WORK TO BE COMPLETED: Write out the listing below again, precisely as it is given.

DATASET CONTENT:
⁂

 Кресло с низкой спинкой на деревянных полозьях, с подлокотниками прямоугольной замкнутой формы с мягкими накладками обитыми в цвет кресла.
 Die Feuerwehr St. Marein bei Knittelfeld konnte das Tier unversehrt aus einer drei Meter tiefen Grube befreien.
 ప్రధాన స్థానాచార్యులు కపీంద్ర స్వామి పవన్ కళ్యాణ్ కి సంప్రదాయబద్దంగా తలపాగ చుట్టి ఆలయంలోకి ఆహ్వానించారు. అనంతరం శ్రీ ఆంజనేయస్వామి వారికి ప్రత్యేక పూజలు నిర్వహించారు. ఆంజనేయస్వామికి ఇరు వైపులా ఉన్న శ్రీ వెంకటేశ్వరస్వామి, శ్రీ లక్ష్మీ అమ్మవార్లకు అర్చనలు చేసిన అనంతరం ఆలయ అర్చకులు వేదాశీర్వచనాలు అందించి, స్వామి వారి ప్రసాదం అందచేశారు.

⁂

SOLUTION TO THIS EXERCISE:
 Кресло с низкой спинкой на деревянных полозьях, с подлокотниками прямоугольной замкнутой формы с мягкими накладками обитыми в цвет кресла.
 Die Feuerwehr St. Marein bei Knittelfeld konnte das Tier unversehrt aus einer drei Meter tiefen Grube befreien.
 ప్రధాన స్థానాచార్యులు కపీంద్ర స్వామి పవన్ కళ్యాణ్ కి సంప్రదాయబద్దంగా తలపాగ చుట్టి ఆలయంలోకి ఆహ్వానించారు. అనంతరం శ్రీ ఆంజనేయస్వామి వారికి ప్రత్యేక పూజలు నిర్వహించారు. ఆంజనేయస్వామికి ఇరు వైపులా ఉన్న శ్రీ వెంకటేశ్వరస్వామి, శ్రీ లక్ష్మీ అమ్మవార్లకు అర్చనలు చేసిన అనంతరం ఆలయ అర్చకులు వేదాశీర్వచనాలు అందించి, స్వామి వారి ప్రసాదం అందచేశారు.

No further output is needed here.